--- Task prompt ---
From the material below, set down exactly the lines that run from the one containing "تمتزج درجات اللون" to the one containing "ไพ่ขึ้นมาแบบขัดแย้งคะ (ใบที่ 1", minus the pictures.

--- Provided records ---
▬▬▬▬▬▬

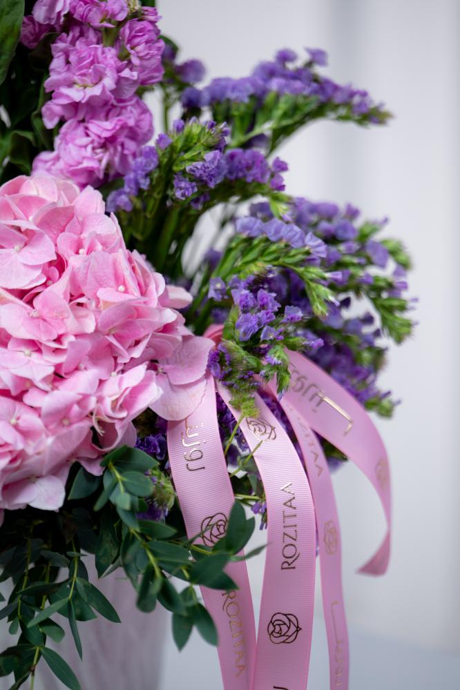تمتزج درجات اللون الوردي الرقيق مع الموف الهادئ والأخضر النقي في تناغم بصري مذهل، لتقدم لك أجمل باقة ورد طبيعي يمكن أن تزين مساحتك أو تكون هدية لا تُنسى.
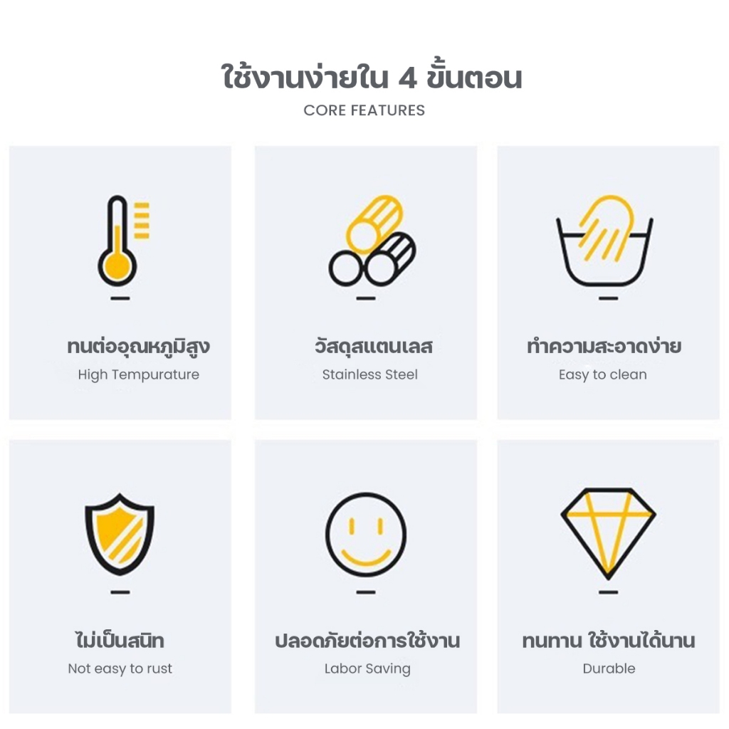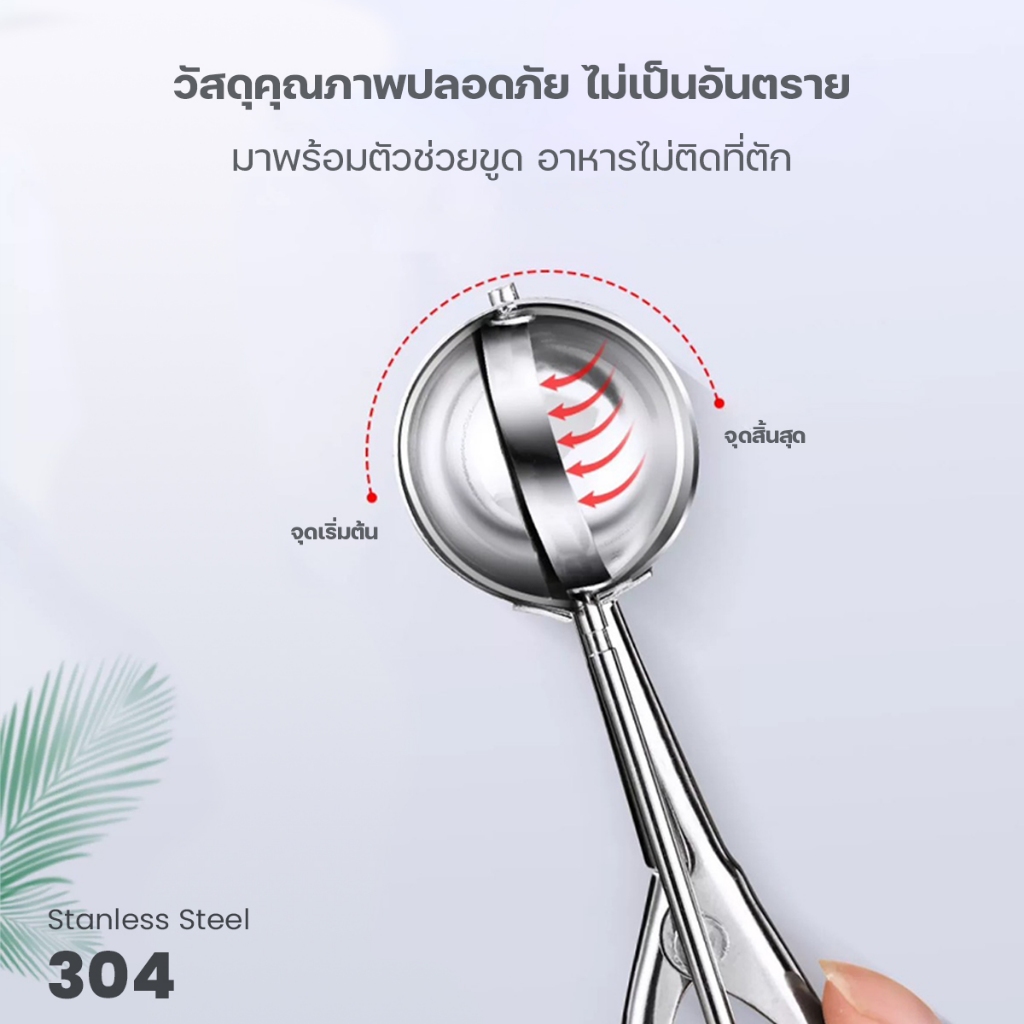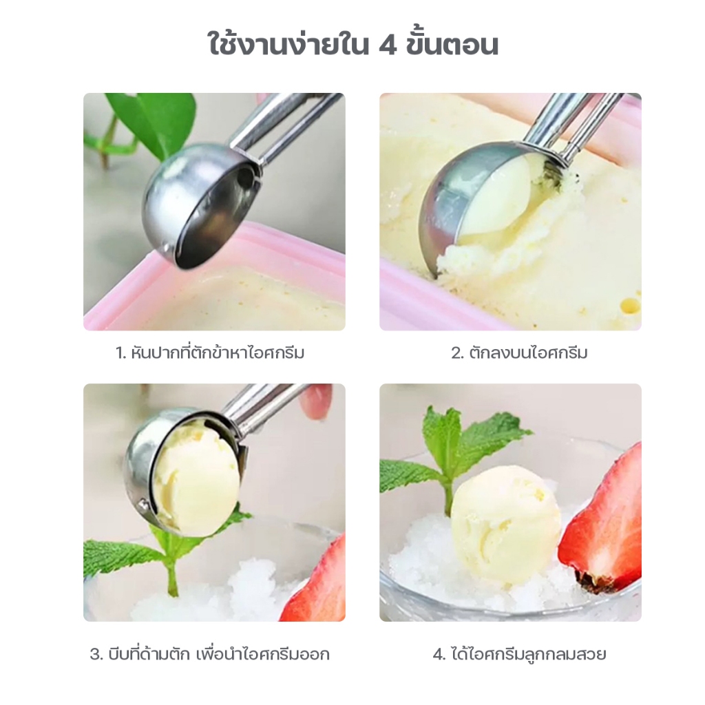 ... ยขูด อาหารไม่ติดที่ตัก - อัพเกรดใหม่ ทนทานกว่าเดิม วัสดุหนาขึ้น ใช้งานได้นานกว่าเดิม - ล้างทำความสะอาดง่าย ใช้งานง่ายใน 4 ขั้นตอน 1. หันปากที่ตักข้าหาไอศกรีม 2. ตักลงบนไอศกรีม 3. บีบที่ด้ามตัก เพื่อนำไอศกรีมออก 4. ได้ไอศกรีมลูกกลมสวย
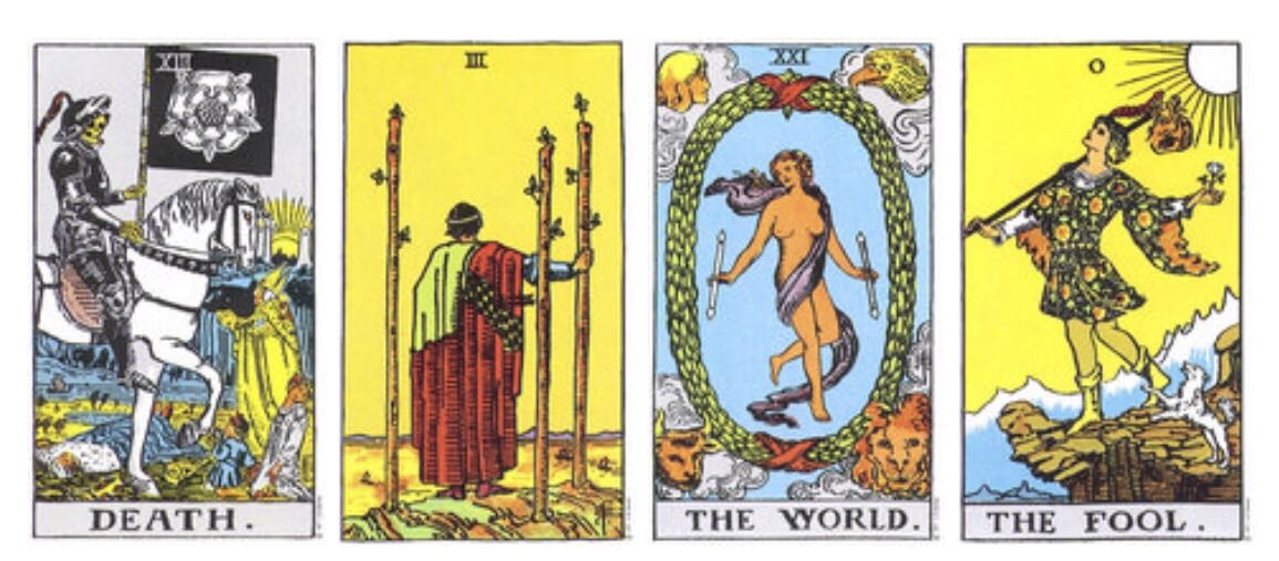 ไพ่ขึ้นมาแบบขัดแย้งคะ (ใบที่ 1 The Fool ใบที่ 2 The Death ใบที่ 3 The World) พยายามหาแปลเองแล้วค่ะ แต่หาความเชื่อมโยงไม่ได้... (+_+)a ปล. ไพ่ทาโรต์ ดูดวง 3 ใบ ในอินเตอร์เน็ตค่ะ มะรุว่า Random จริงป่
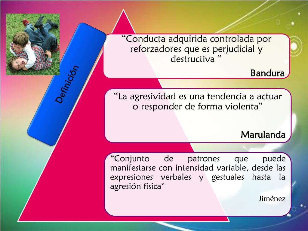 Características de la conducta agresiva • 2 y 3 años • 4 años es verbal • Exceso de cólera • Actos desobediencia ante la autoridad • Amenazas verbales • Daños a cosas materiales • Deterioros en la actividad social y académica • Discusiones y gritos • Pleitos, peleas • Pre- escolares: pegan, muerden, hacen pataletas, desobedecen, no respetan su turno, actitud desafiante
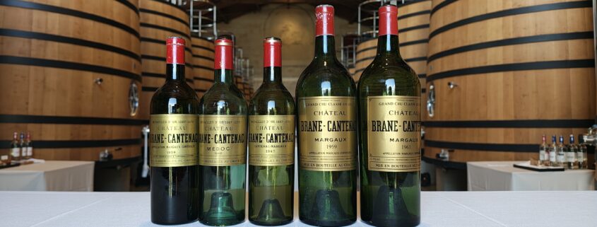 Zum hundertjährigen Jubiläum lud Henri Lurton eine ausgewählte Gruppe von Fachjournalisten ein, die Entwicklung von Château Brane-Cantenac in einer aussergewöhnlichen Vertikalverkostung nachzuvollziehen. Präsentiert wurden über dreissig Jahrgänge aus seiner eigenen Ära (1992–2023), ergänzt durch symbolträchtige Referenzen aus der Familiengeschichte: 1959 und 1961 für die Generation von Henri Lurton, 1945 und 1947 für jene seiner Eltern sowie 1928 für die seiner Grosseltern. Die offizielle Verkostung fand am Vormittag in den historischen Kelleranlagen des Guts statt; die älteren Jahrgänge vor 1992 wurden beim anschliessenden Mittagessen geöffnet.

▬▬▬▬▬▬

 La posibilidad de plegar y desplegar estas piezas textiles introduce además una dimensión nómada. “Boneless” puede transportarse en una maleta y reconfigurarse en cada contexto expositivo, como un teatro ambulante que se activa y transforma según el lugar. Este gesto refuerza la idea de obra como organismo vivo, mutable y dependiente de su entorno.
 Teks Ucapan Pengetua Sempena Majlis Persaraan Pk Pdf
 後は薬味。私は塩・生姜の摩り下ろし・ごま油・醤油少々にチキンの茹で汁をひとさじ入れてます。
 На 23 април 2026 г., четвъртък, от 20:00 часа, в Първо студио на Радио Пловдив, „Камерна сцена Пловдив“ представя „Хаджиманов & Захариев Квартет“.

▬▬▬▬▬▬

--- Exercise output ---
تمتزج درجات اللون الوردي الرقيق مع الموف الهادئ والأخضر النقي في تناغم بصري مذهل، لتقدم لك أجمل باقة ورد طبيعي يمكن أن تزين مساحتك أو تكون هدية لا تُنسى.
 ... ยขูด อาหารไม่ติดที่ตัก - อัพเกรดใหม่ ทนทานกว่าเดิม วัสดุหนาขึ้น ใช้งานได้นานกว่าเดิม - ล้างทำความสะอาดง่าย ใช้งานง่ายใน 4 ขั้นตอน 1. หันปากที่ตักข้าหาไอศกรีม 2. ตักลงบนไอศกรีม 3. บีบที่ด้ามตัก เพื่อนำไอศกรีมออก 4. ได้ไอศกรีมลูกกลมสวย
 ไพ่ขึ้นมาแบบขัดแย้งคะ (ใบที่ 1 The Fool ใบที่ 2 The Death ใบที่ 3 The World) พยายามหาแปลเองแล้วค่ะ แต่หาความเชื่อมโยงไม่ได้... (+_+)a ปล. ไพ่ทาโรต์ ดูดวง 3 ใบ ในอินเตอร์เน็ตค่ะ มะรุว่า Random จริงป่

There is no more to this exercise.